Rerecording a "talking" greeting card circuitboard.

I got a talking (actually, singing) greeting card. The card is basically a double-layer of light cardboard with a circuitboard, batteries, and thin speaker sandwiched inside. Opening the card allows two electrical contacts to touch, setting off the song.

The card is basically just an advertisement which I tossed. But the playback mechanism, which I ripped from the card, intrigues me. Can I load my own recording on it?

Let me describe the thing. The board is green and would fit a footprint of about 2"x2". However, it is not strictly square or rectangular; it is sort of Z-shaped. There are 4 watch batteries stuck on it. All the other circuitboard components are tiny, and hardly noticeable. There is a 1.5" diameter, thin black speaker attached to the board by 2 white wires.

Sound familiar to anybody?

I’ve seen versions of these that play “Jingle Bells” and such. I suspect the song is burned into a ROM (read-only memory) chip and thus it would be quite challenging to supply your own.

It does sound like it could be tricky, however, I recently heard about a new magazine called Make which is devoted to hacking, enhancing, and modifying electronics and other commercial products. They have a message board and sounds like it is something people there would know.

Good point. But I should have mentioned that the pre-existing recording is pretty customized – about 10 or 15 secs of a song from some unknown guy’s fledging unknown musical. It’s not Jingle Bells or Happy Birthday, etc.

I can’t imagine that this guy bought more than a few hundred of these micro-players with his song on them. This leads me to suspect this is the type of player that is meant to be custom recorded (and maybe rerecorded) for small production-runs, and not the kind with a permanently burned-in ROM chip. But maybe I’m wrong.

One Monday morning bump here.

Get out a magnifying glass and start identifying all of those little chips on the board. These things are usually built around a single integrated circuit which does most of the work. Once you identify the part number and manufacturer, you can download the data sheet and see if they are OTP (one time programmable) parts or if they can be erased and re-programmed. If they are programmable, they may require circuit components for programming which are not present on your existing board. You may have to do a bit of hardware hacking to reprogram the devices. It’s also possible that the only way to program the part is to de-solder it from the board, place it on a special board that goes into a prom burner, and solder it back on the board when you are done.

Note that it is also possible (though not likely) that the main IC is built into the speaker assembly.

ISD (http://www.isd.com/) is one of many manufacturers of this type of device. If you poke around on their web site you might get an idea of what you are looking for and how to identify the chips.

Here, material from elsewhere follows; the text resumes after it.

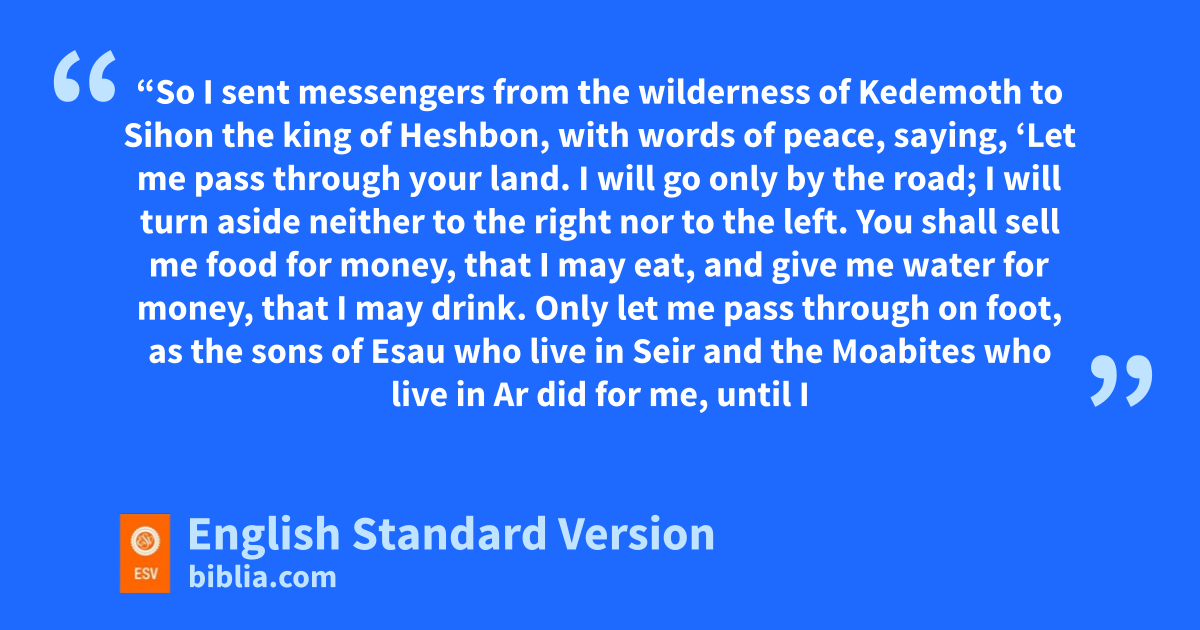 26 “So I sent messengers from the wilderness of pKedemoth to Sihon the king of mHeshbon, qwith words of peace, saying, 27 r‘Let me pass through your land. I will go only by the road; I will turn aside neither to the right nor to the left. 28 sYou shall sell me food for money, that I may eat, and give me water for money, that I may drink. Only let me pass through on foot, 29 tas the sons of Esau who live in Seir and the Moabites who live in Ar did for me, until I go over the Jordan into the land that the Lord our God is giving to us.’ 30 But uSihon the king of mHeshbon would not let us pass by him, for the Lord your God vhardened his spirit and made his heart obstinate, that he might give him into your hand, as he is this day. 31 And the Lord said to me, ‘Behold, I have begun to give Sihon and his land over to you. Begin to take possession, that you may occupy his land.’ 32 Then wSihon came out against us, he and all his people, to battle at Jahaz. 33 And xthe Lord our God gave him over to us, and ywe defeated him and his sons and all his people. 34 And we captured all his cities at that time and devoted to destruction2 every zcity, men, women, and children. We left no survivors. 35 Only the livestock we took as spoil for ourselves, with the plunder of the cities that we captured. 36 aFrom Aroer, which is on the edge of the Valley of the Arnon, and from bthe city that is in the valley, as far as Gilead, there was not a city too high for us. cThe Lord our God gave all into our hands. 37 Only to the land of the sons of Ammon you did not draw near, that is, to all the banks of the river dJabbok and the cities of the hill country, whatever the Lord our God had forbidden us.

Before the spam above is deleted and the thread drops back into obscurity, an aside: as a child, I bought a musical greeting card for the 1984 Olympics (because they were still a high-tech novelty then.) That card is still around, and when I happen across it and open it up, it still plays off the now 33 year old battery. (Okay, that impresses me–even Jesus stopped working after 33 years!)

Looks like the OP hasn’t been around for a while, but I’m curious if the show ever went anywhere.

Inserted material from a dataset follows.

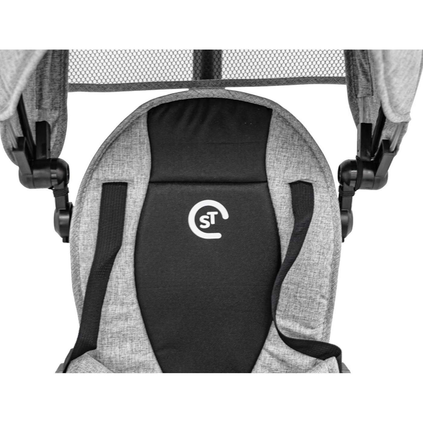 - veľmi veľká plocha na sedenie; 27 x 38 cm, - mäkký poťah sedadla, - trojbodové, nastaviteľné bezpečnostné pásy (dodatočné chrániče pásu a rozkrokového popruhu), - odnímateľná, penová ochranná bariéra, - rýchle odnímanie kapucne a striešky (západky), - možnosť otáčania sedadla. |

“…some unknown guy’s fledging unknown musical… called Hamilton.” :smiley:

I recall there was a programmable chip you could buy once upon a time.

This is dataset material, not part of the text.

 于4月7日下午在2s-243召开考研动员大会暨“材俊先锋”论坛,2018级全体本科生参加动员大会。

Off-topic, but I bought a scientific calculator in 1989 for about $8. I still have it, and it’s still on its original set of batteries, 28 years later.

Bit of trivia: the ISD devices that engineer_comp_geek mentions recorded in analog. They used programmable memory cells similar to modern flash memory, but stored an analog value in them. Modern flash makes use of this effect to store 2 or 3 bits reliably–they divide the range into 4 or 8 segments and assign a bit sequence to each one. The greeting card chip (like the ISD1000A) just put the raw value in the cell. It was noisy since the cells couldn’t reliably get within 1/256 of the original value (equivalent to 8-bit audio), let alone to 1/65536 (16-bit audio), but for a greeting card it was sufficient.

A modern card may be made with a massproduced circuit and chip, which may well be the same as those with end user recordable chips…

So you just attach a “record” button, so that it can be told to record from its speaker (speakers work as poor microphones), or a connection to USB or PC…

But anyway you identify the circuit or chip, and work out if its programmable or not.

record yourself circuits are like $5 ready to go . Just tape it to the back of your card and you are ready to record and give.